Commencing part four of my ten-part review of critic’s choices for the 52 best albums of 2010-2019! (Wait! What? 52? There is a reason, see below…) If you missed the earlier editions, you can find them here:
This is one of three musical blog series I’m doing this year. So go check out the latest installments of my overview of the critical consensus on the 20 best albums of 2020, and my monthly review of new releases en route to finding the best 21 albums of 2021.
So, wait, did I say 52? This is what happened: I took “best of decade” lists from the AV Club, Billboard, Jim DeRogatis, Greg Kot, the New Yorker, New Music Express, Paste, Pitchfork, Rolling Stone, and Vice. For any album that appeared at least once in these lists, I tallied up votes between them. Albums getting 4 votes and up totaled 52, which was close enough to a top 50 that I decided to go with that as a cutoff.
I’m doing 10 total posts of 5 each (or 6 each on the last two) and then a final wrap-up. With that explained, let’s get on with Part 4!
Celebration Rock (Japandroids, 2012, 5 votes)– Hey, that’s some good rock! At least on the opening track. It’s got the guitar. It’s got the backbeat. It’s got surging passionate vocals. It’s got the feedback fade after. They totally know how rock song structure works as well, and there are affecting lyrics. Without sounding absolutely the same track after track, there isn’t a track that stops rocking. God bless Canadians, I sometimes think they’re the only ones who still get it.
Black Messiah (D’Angelo & the Vanguard, 2014, 5 votes)– In a previous iteration of this kind of exercise a few years back, I had been confidently informed by critics that D’Angelo’s album Voodoo was one of the best albums of the 00s.
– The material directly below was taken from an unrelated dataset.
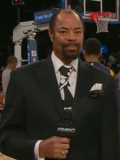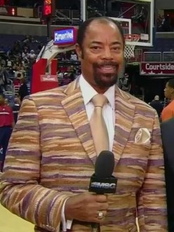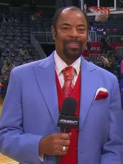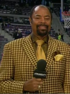 11/29/13 – Knicks @ Denver Nuggets No play for Mr. Gray! Suit: Grey with Pinstripes Shirt: White Tie: Brown with White Polkadots Grade: C

I had trouble getting there. It was good stuff, but I couldn’t see what I was getting from it that I wouldn’t, for example, get from Prince (who it felt heavily derivative of). I’m having a similar reaction to this. To be fair, though, I suppose this could be considered praising by faint damnation, since that’s a pretty darn elevated reference point.
Channel ORANGE (Frank Ocean, 2012, 7 votes)– This is the second of two albums of his that made the list, and the chronologically earlier of the two (the other one being Blonde from 2016). Well done Frank! Like that album, the autotuned nature of some of the vocals here gives me pause. Also, like that album, the lyrical wit, interesting sampling and production, and varied musical approaches utterly overcomes those reservations. I can see how this got listed, especially since it came out first!
Control (SZA, 2017, 7 votes)– Musically sophisticated, emotionally honest, and lyrically complex R&B. Some tracks are harrowing, some sweetly vulnerable, some sarcastic, and some downright hilarious, like Doves in The Wind in which she (SZA is the stage name of Solána Imani Rowe) uses samples from Westerns and Kung-fu movies and a guest appearance by Kendrick Lamar to explore the obsession with pussy. On the downside, it’s got more than a bit of the “autotuned” sound that’s the bane of the decade and maybe falls a little short in overall coherence. Part of the issue may be that, as the 19th album from the list I’ve listened to, I’m now comparing it to the very best-structured albums from the list. That’s pretty minor sour grapes considering how high quality this is, and how powerful she is.
Currents (Tame Impala, 2015, 4 votes)– This is a little trippy, which I hear is their jam. But, more on the dance/electronic side of trippy, with some new wave influence. It reminds me, perhaps, of something the Flaming Lips might put out, except from them I’d expect even more weirdness, and also more overarching album structure. The tracks are also tending a lot toward sameness. Not bad, by any means, but I’m not convinced this adds up to a “decade best” album.